Abstract
Biomedical Robotics poses new and exciting problems for theory and technology to Robotics and to many other disciplines. Biomedical Robots are expected to be very important for better quality of health care and life for citizens, and they have strong potential for the development of a new and solid industry.
Biomedical Robotics includes the “medical” applications of robotics and mechatronics, such as in surgery, endoscopy, rehabilitation, assistance to the disabled and the elderly, and prosthetics, as well as research and application in more speculative areas, such as the modeling and replication if biological systems.

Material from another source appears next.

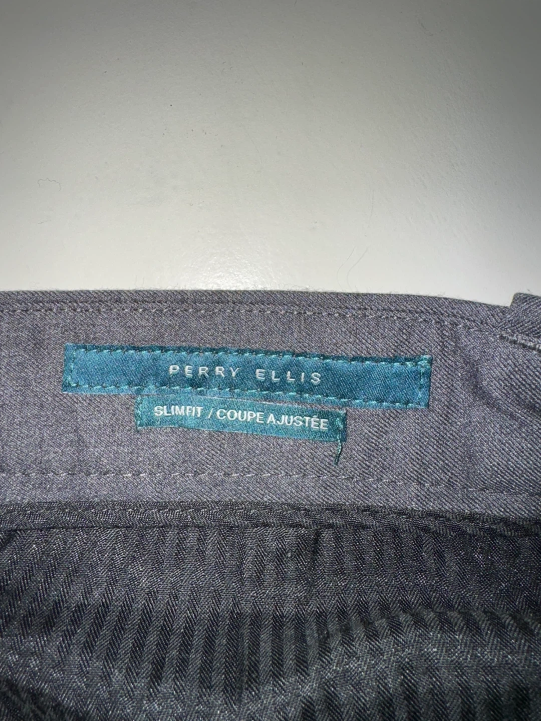 Selling a pair of Perry Ellis slim fit dress pants in size 30x32. They are in great condition and made of 68% polyester, 30% viscose, and 2% elastane. Great condition.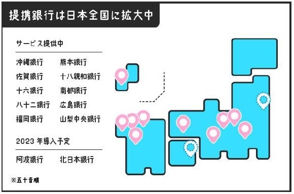 『Wallet+』は正式リリースから約5年9ヵ月(2022年4月)でアプリのダウンロード数が200万を突破しました。Wallet+をご利用いただける金融機関は10行に増え、全国各地の幅広いユーザーさまにご愛用いただいております。来年度にはWallet+導入銀行のエリアでは初となる東北の北日本銀行・四国の阿波銀行でのサービス開始を予定しており、提携銀行は日本全国に拡大しています。

In this talk, an overview of the field is presented, comprising definitions of Biomedical Robotics and examples of applications to surgery, endoscopy, rehabilitation and bionics. State of the art, scientific and technical problems and perspectives in these areas are discussed.
Biography
Paolo Dario received his Dr. Eng. Degree in mechanical engineering from the University of Pisa, Italy, in 1977. He is currently a Professor of Biomedical Robotics at the Scuola Superiore Sant’Anna in Pisa. He also established and teaches the course on Mechatronics at the School of Engineering of the University of Pisa. He has been Visiting Professor at the Ecole Polytechnique Federale de Lausanne (EPFL), Lausanne, Switzerland, and at Waseda University, Tokyo, Japan. He was the founder of the ARTS (Advanced Robotics Technologies and Systems) Laboratory and is currently the Coordinator of the CRIM (Center for Research in Microengineering) Laboratory of the Scuola Superiore Sant’Anna, where he supervises a team of about 70 researchers and Ph.D. students. He is also the Director of the Polo Sant’Anna Valdera and a Vice-Director of the Scuola Superiore Sant’Anna.
His main research interests are in the fields of medical robotics, mechatronics and microengineering, and specifically in sensors and actuators for the above applications. He is the coordinator of many national and European projects, the editor of two books on the subject of robotics, and the author of more than 200 scientific papers. He is the editor of many international journals.
Professor Dario serves as President of the IEEE Robotics and Automation Society, as Co-Chairman of the Technical Committee on Medical Robotics of the same Society, is an IEEE Fellow and a recipient of the Joseph Engelberger Award. He is also a member of the Board of the International Foundation of Robotics Research (IFRR).